Cai Jianjiang (; born 1963) is a Chinese executive and politician who is the current director of the Office of the Central Air Traffic Management Commission. Previously he served as chairman and party branch secretary of China National Aviation Holding.

He was an alternate member of the 19th Central Committee of the Chinese Communist Party and is a member of the 20th Central Committee of the Chinese Communist Party.

Biography
Cai was born in Wuxi, Jiangsu, in 1963. He attended Wuxi Meicun High School. After resuming the college entrance examination, in 1979, he was accepted to the Civil Aviation University of China, where he double majored in navigation control and English language and literature.

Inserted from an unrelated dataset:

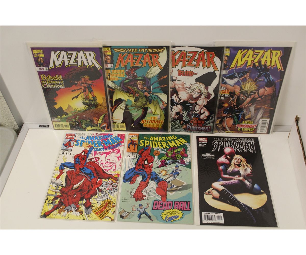 SHORT BOX OF MIXED TITLES & RUNS- INCLUDES SPIDEY BOOKS, BATMAN: THE CULT, SPAWN THE IMPALER, SPAWN BLOOD FEUD 1-4, KAZAR AND MORE!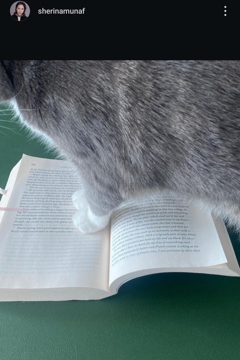 Sherina Munaf pernah membagikan momen bacanya, terlihat sangat menikmati aktivitas tersebut, meski diganggu oleh kucing kesayangannya.

After graduating in 1983, he stayed at the university and taught there.

Cai worked in Shenzhen Airlines before being assigned to Air China in 2001, and eventually becoming its party secretary in September 2004 and chairman in February 2007. He concurrently served as chairman of Shenzhen Airlines Co., Ltd. since April 2010.

He was promoted to general manager of China National Aviation Holding in January 2014. In December 2016, he was promoted again to become chairman and party branch secretary.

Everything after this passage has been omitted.